• [WORK INSTRUCTIONS]:
Without the pictures, extract every line from the start of the material to the line containing "Wine served in", both ends included.

• [SUPPLIED INFORMATION]:
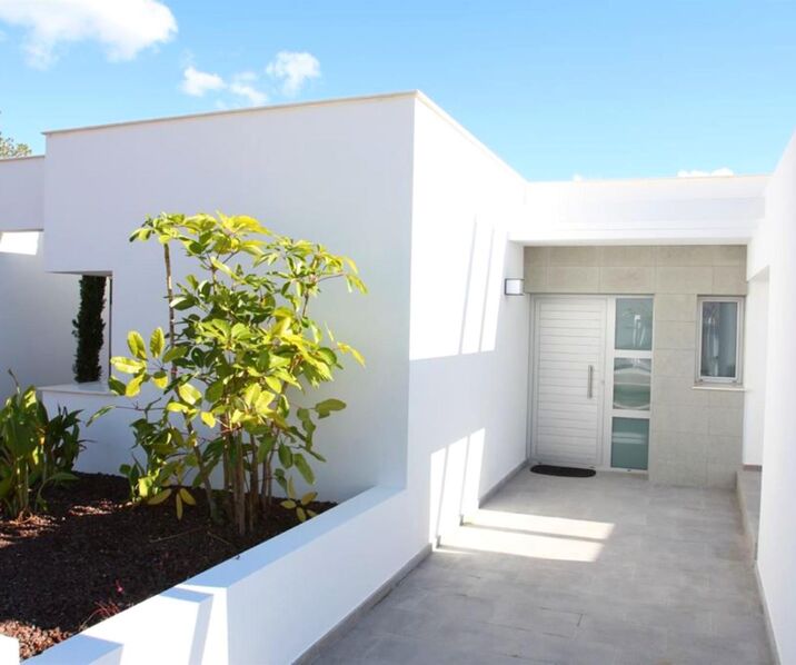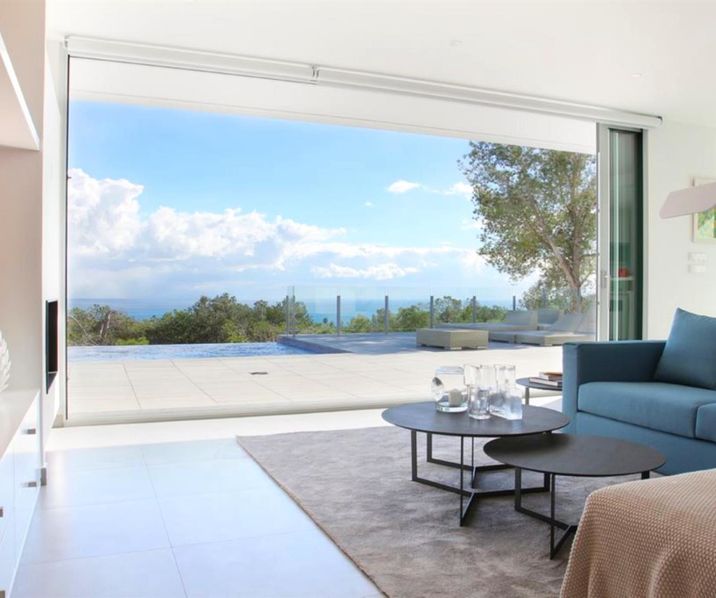 This class full new build villa has on the ground floor an entrance hall, a spacious living room with large windows, an open and fully fitted kitchen with immediate access to the terrace and the swimming pool with panoramic sea and mountain views. The large windows in the living room can be fully opened allowing you to fully enjoy the Mediterranean climate! The terraces around the infinity pool provide ample space for a lounge seating area and sunbathing area! Through the night hall there is access to the 2 bedrooms with fitted wardrobes, a separate bathroom, a master bedroom with ensuite bathroom and a walk-in dressing room. The villa has a ground floor space of no less than 76.5 m2, with a layout that makes it possible to easily integrate a separate guest house. This guest house has a living room, an open plan kitchen, a bedroom and a separate bathroom. The entire house is equipped with electric shutters, Daikin brand H/C air conditioning, ROCA brand sanitary facilities, underfloor heating etc.
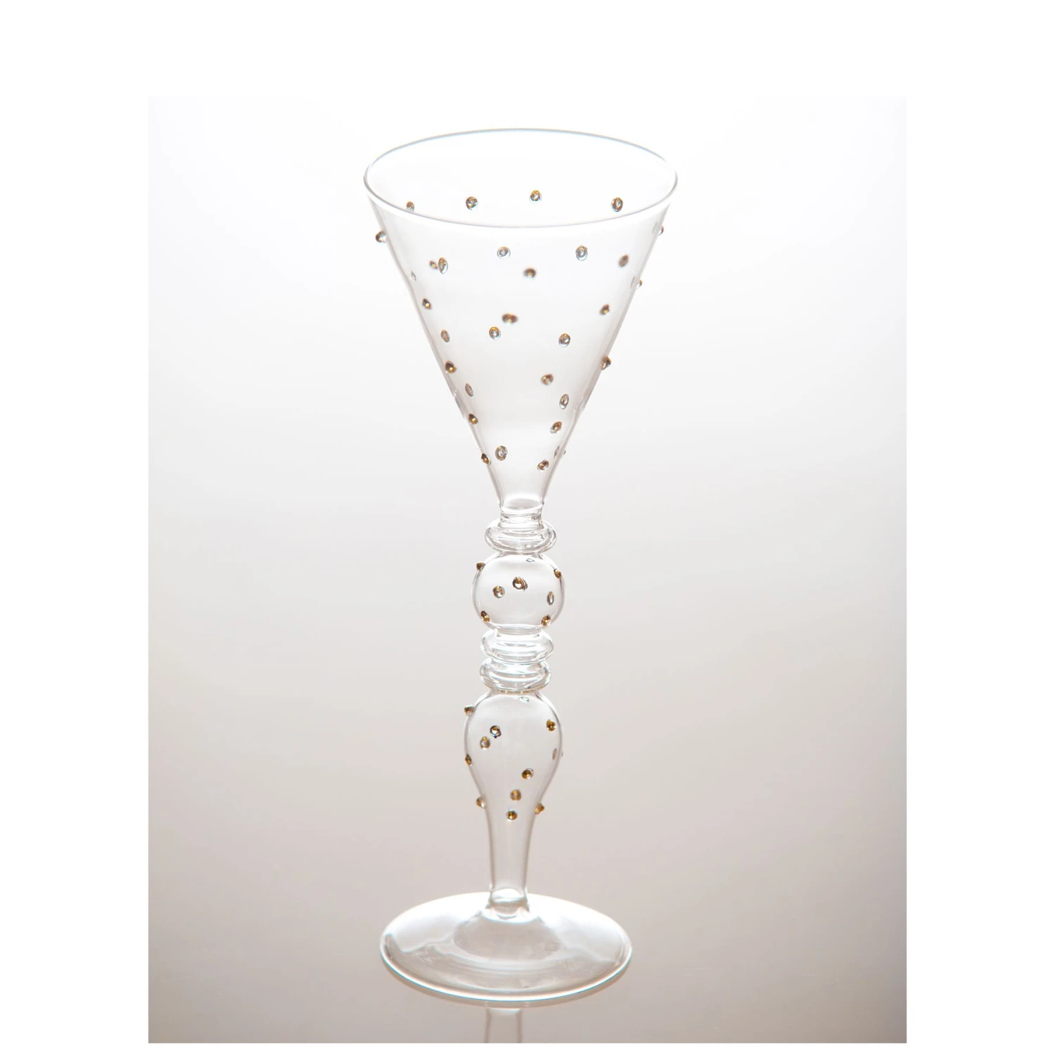 Wine served in these attractive Gatsby glasses are a way to make your evening glamorous and exciting. Tiny glass dots have been hand applied and painted gold. Hand wash to protect the gold leafing.
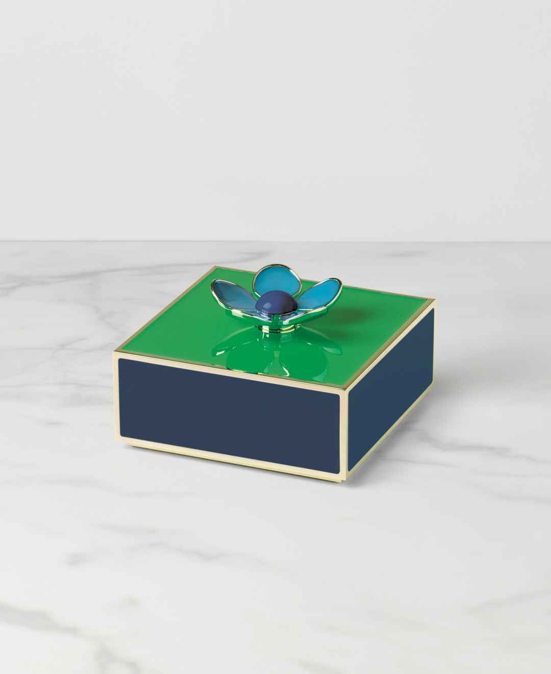Jewelry, trinkets, miscellaneous cherished mementos. They all have a place in this pretty, flower-topped keepsake box by kate spade new york.

• [TASK OUTPUT]:
 This class full new build villa has on the ground floor an entrance hall, a spacious living room with large windows, an open and fully fitted kitchen with immediate access to the terrace and the swimming pool with panoramic sea and mountain views. The large windows in the living room can be fully opened allowing you to fully enjoy the Mediterranean climate! The terraces around the infinity pool provide ample space for a lounge seating area and sunbathing area! Through the night hall there is access to the 2 bedrooms with fitted wardrobes, a separate bathroom, a master bedroom with ensuite bathroom and a walk-in dressing room. The villa has a ground floor space of no less than 76.5 m2, with a layout that makes it possible to easily integrate a separate guest house. This guest house has a living room, an open plan kitchen, a bedroom and a separate bathroom. The entire house is equipped with electric shutters, Daikin brand H/C air conditioning, ROCA brand sanitary facilities, underfloor heating etc.
 Wine served in these attractive Gatsby glasses are a way to make your evening glamorous and exciting. Tiny glass dots have been hand applied and painted gold. Hand wash to protect the gold leafing.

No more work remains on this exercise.